# DATA PROVIDED
+++++

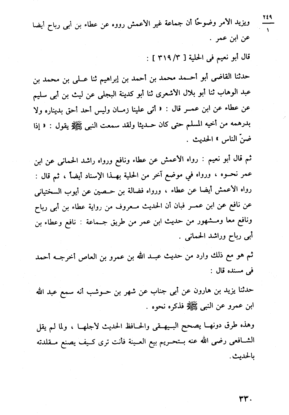 وهذه طرق دونها يصحح البيهقى والحافظ الحديث لأجلها، ولما لم يقل الشافعي رضى اللَّه عنه بتحريم بيع العينة فأنت ترى كيف يصنع مقلدته بالحديث.
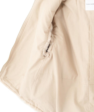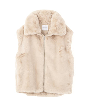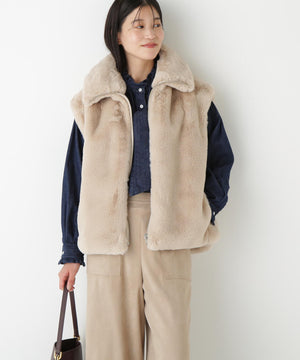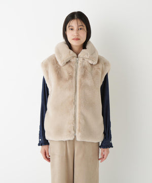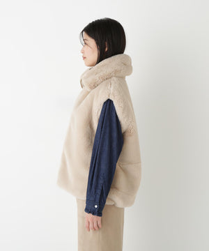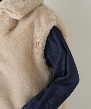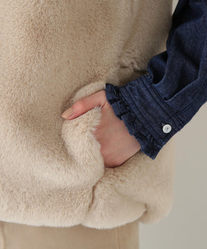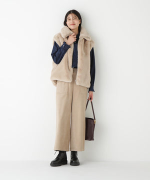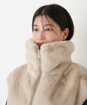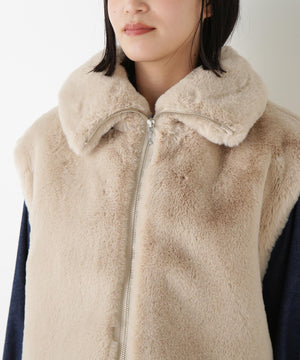 大きめ衿がキャッチーなフレンチスリーブフェイクファージップジレです。毛足で目立たないように後ろ身頃に切り替えとタックを入れて程よいコクーンシルエットを表現しています。ファスナーを噛まないように前端にコットンテープを施しています。
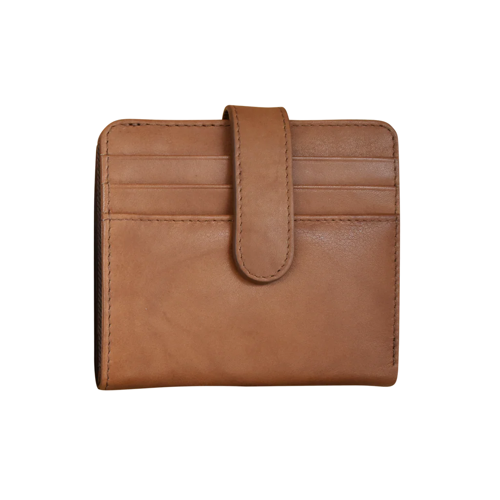 Leather snap bifold wallet with RFID blocking lining. Exterior - 6 credit card slots. Interior - six credit card slots, ID window, and currency compartment. Dimensions: 4.25 x 3.75 in.
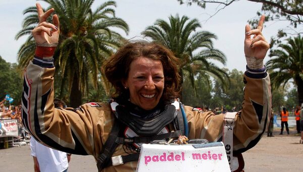 Christina Meier of Germany celebrates after crossing the finish line of the fourteenth stage of the 2nd South American edition of the Dakar Rally 2010 in Buenos Aires, January 16, 2010.JACKY NAEGELEN

+++++

# TASK TO CARRY OUT
Repeat the data exactly, without the pictures.

# REPLY
 وهذه طرق دونها يصحح البيهقى والحافظ الحديث لأجلها، ولما لم يقل الشافعي رضى اللَّه عنه بتحريم بيع العينة فأنت ترى كيف يصنع مقلدته بالحديث.
 大きめ衿がキャッチーなフレンチスリーブフェイクファージップジレです。毛足で目立たないように後ろ身頃に切り替えとタックを入れて程よいコクーンシルエットを表現しています。ファスナーを噛まないように前端にコットンテープを施しています。
 Leather snap bifold wallet with RFID blocking lining. Exterior - 6 credit card slots. Interior - six credit card slots, ID window, and currency compartment. Dimensions: 4.25 x 3.75 in.
 Christina Meier of Germany celebrates after crossing the finish line of the fourteenth stage of the 2nd South American edition of the Dakar Rally 2010 in Buenos Aires, January 16, 2010.JACKY NAEGELEN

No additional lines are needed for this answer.